USGS_Site_Info = pd.concat(z)
USGS_Site_Info = USGS_Site_Info.reset_index()
USGS_Site_Info = USGS_Site_Info.drop(['level_1'],axis=1)
USGS_Site_Info = USGS_Site_Info.set_index(['level_0'])
USGS_Site_Info = USGS_Site_Info.drop(['code'],axis=1)
Lets extract the measurement start and end dates from the station data, as well as some basic summary statistics. We can tack this information onto the site information table we created above.
q = {}
m = {}
for site in sites:
q[site] = USGS_Site_Data[site].first_valid_index()
m[site] = USGS_Site_Data[site].last_valid_index()
USGS_start_date = pd.DataFrame(data=q, index=[0])
USGS_finish_date = pd.DataFrame(data=m, index=[0])
USGS_start_date = USGS_start_date.transpose()
USGS_start_date['start_date'] = USGS_start_date[0]
USGS_start_date = USGS_start_date.drop([0],axis=1)
USGS_finish_date = USGS_finish_date.transpose()
USGS_finish_date['fin_date'] = USGS_finish_date[0]

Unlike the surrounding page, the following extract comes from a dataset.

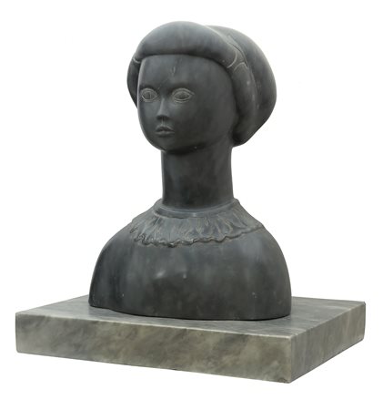 MARIO PORCÙ Busto di fanciulla Marmo grigio, 35 x 28 x 21 cm circa (40 x 37,5...

USGS_finish_date = USGS_finish_date.drop([0],axis=1)
USGS_start_fin = pd.merge(USGS_finish_date,USGS_start_date, left_index=True, right_index=True, how='outer' )
USGS_Site_Info = pd.merge(USGS_start_fin,USGS_Site_Info, left_index=True, right_index=True, how='outer' )
USGS_sum_stats = USGS_Site_Data[sites].describe()
USGS_sum_stats = USGS_sum_stats.transpose()
USGS_Site_Info = pd.merge(USGS_sum_stats,USGS_Site_Info, left_index=True, right_index=True, how='outer' )
The next line allows us to save the site information table to a clipboard, which can be pasted into a spreadsheet, for those who like visualizing information in Excel and similar products.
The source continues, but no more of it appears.